- WHAT TO PRODUCE
From the very first line of the data to the line containing "- Backlink-based ranking", retype everything exactly, leaving the pictures behind.

+++ SUPPLIED MATERIAL

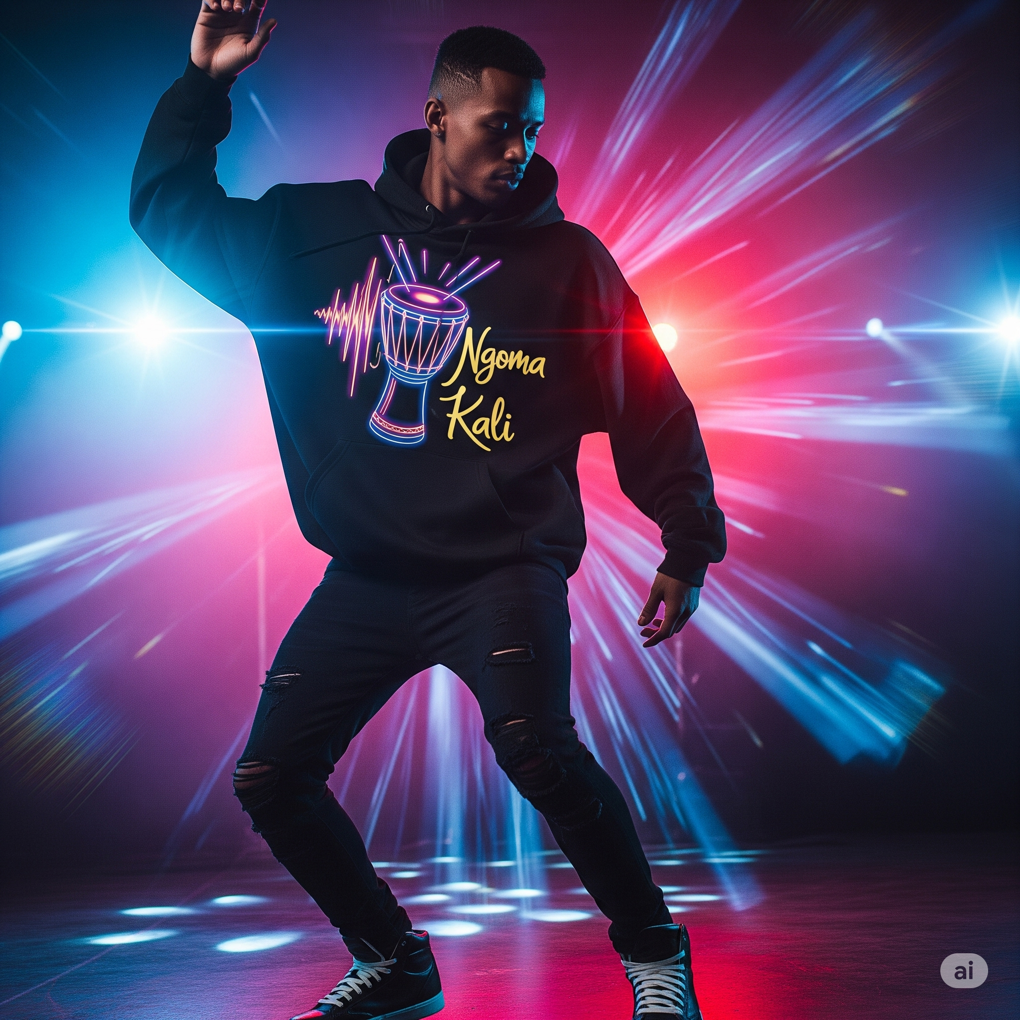 Each piece blends bold colors, glowing accents, and rhythmic patterns to channel the unstoppable energy of movement and music.
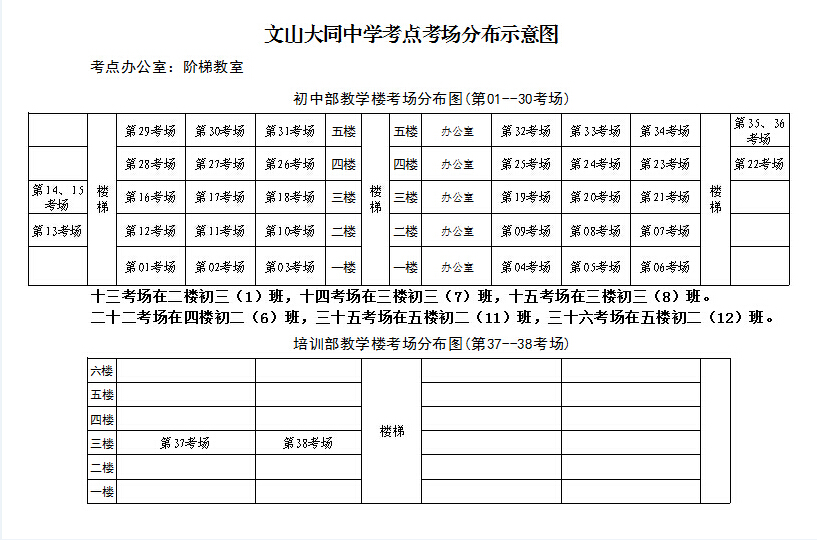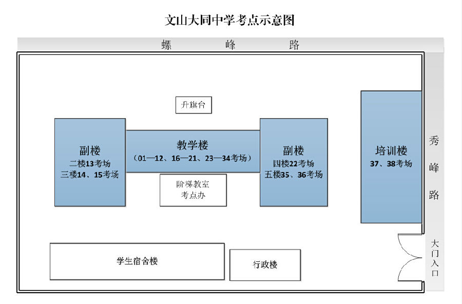 文山大同中学2015年公务员考点考场分布示意图
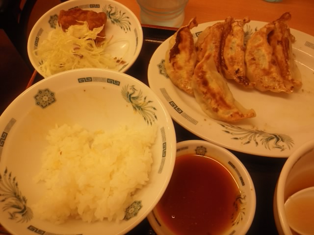 餃子二人前に唐揚げ二つ、あと、ライスとスープが付いて600円でした。
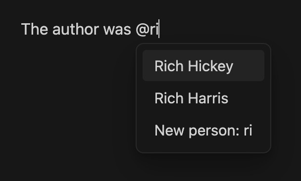 - Backlink-based ranking — people you reference often appear higher in suggestions, with a slight recency boost for recently edited notes
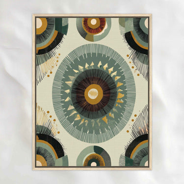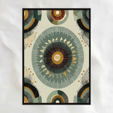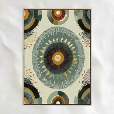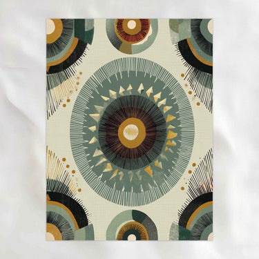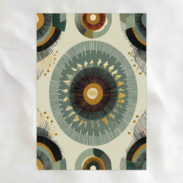 African-inspired and carefully balanced, this piece centers on repetition and symmetry to create a calm, steady rhythm. Layered circular forms and muted, earthy tones give it depth without heaviness. The overall feel is grounded and meditative, bringing a sense of order and quiet confidence to your space.
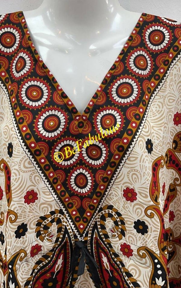 Luchtige korte kaftan, standaard maat verstelbaar middels een touwtje middenin de kaftan.
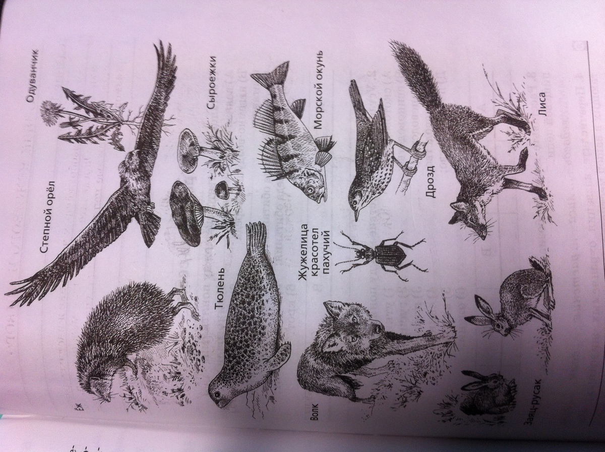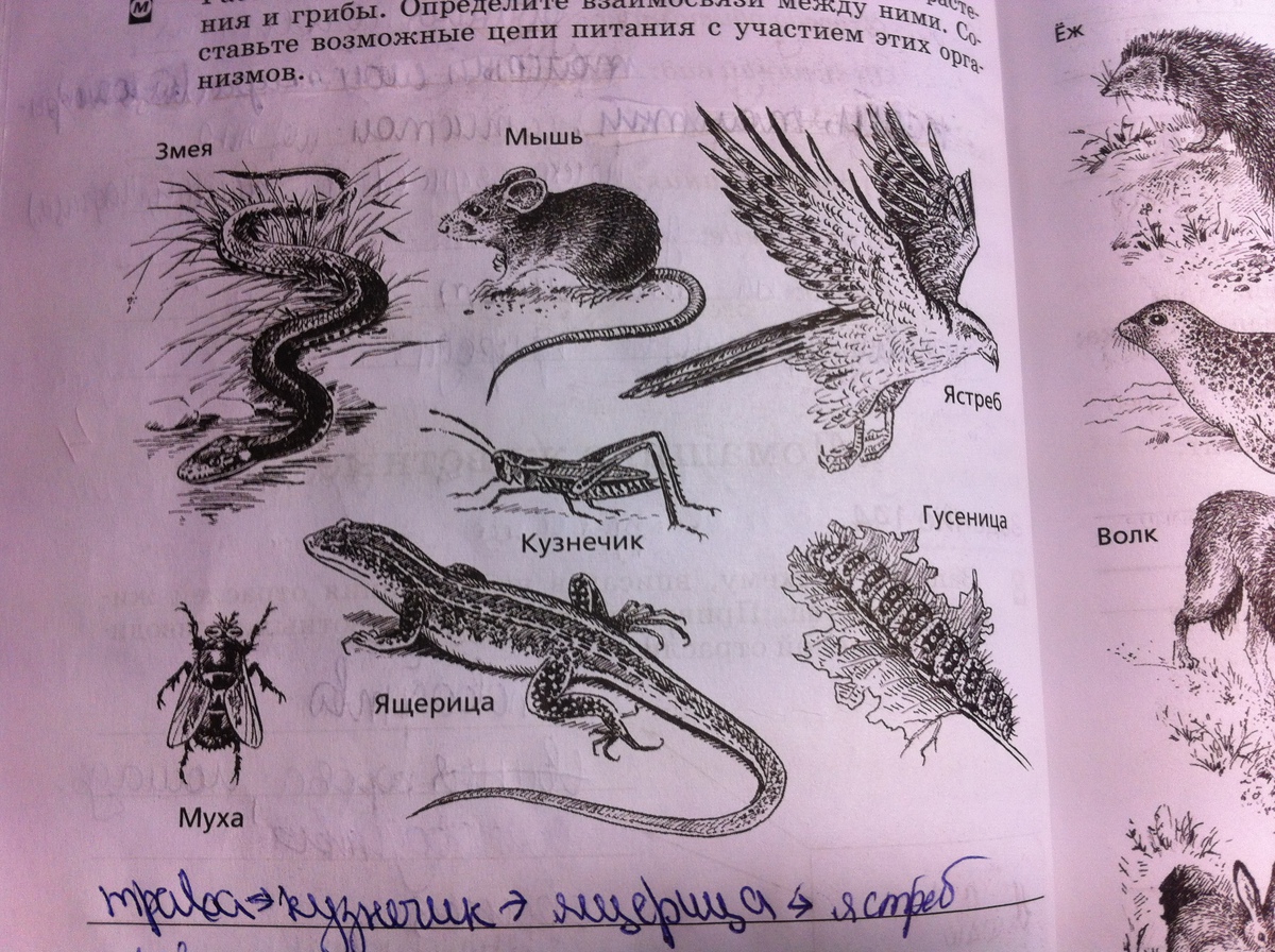 Рассмотрите изображённых на рисунке животных, растения и грибы. Определите взаимосвязи между ними. Составьте возможные цепи питания с участием этих организмов. Там на рисунке есть: змея,мышь,ястреб,кузнечик,муха,ящерица,гусеница,еж,степной орел,одуванчик,тюлень,сыроежки,волк,жужелица красотел пахучий,морской окунь,дрозд,заяц-русак,лиса. Подсказка:цепь питания нужно начинать с растения или грибов.:
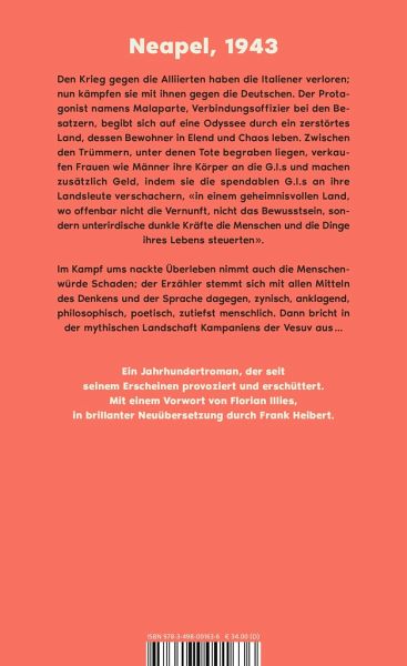 Im Kampf ums nackte Überleben nimmt auch die Menschenwürde Schaden; der Erzähler stemmt sich mit allen Mitteln des Denkens und der Sprache dagegen, zynisch, anklagend, philosophisch, poetisch, zutiefst menschlich. Dann bricht in der mythischen Landschaft Kampaniens der Vesuv aus ...
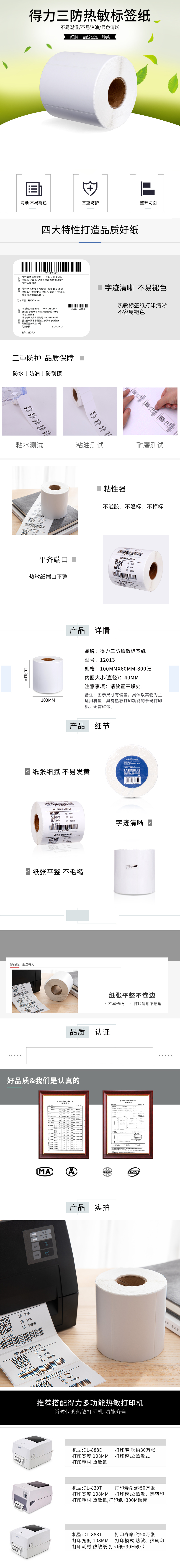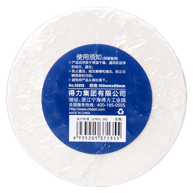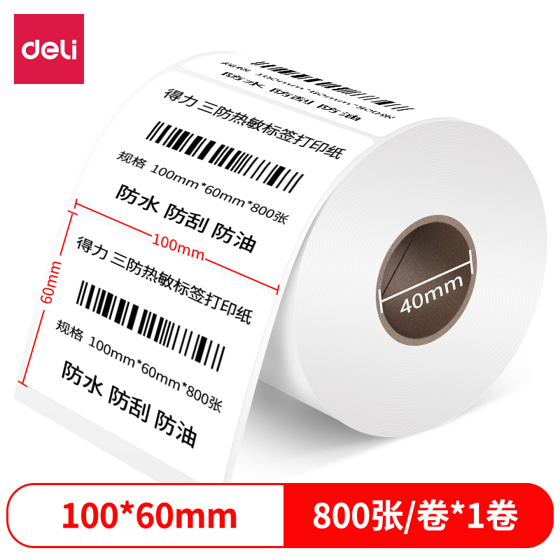 得力12013三防热敏标签纸 1卷/筒 100*60mm-800张(单位:筒)白

++++++

- SOLUTION
 Each piece blends bold colors, glowing accents, and rhythmic patterns to channel the unstoppable energy of movement and music.
 文山大同中学2015年公务员考点考场分布示意图
 餃子二人前に唐揚げ二つ、あと、ライスとスープが付いて600円でした。
 - Backlink-based ranking — people you reference often appear higher in suggestions, with a slight recency boost for recently edited notes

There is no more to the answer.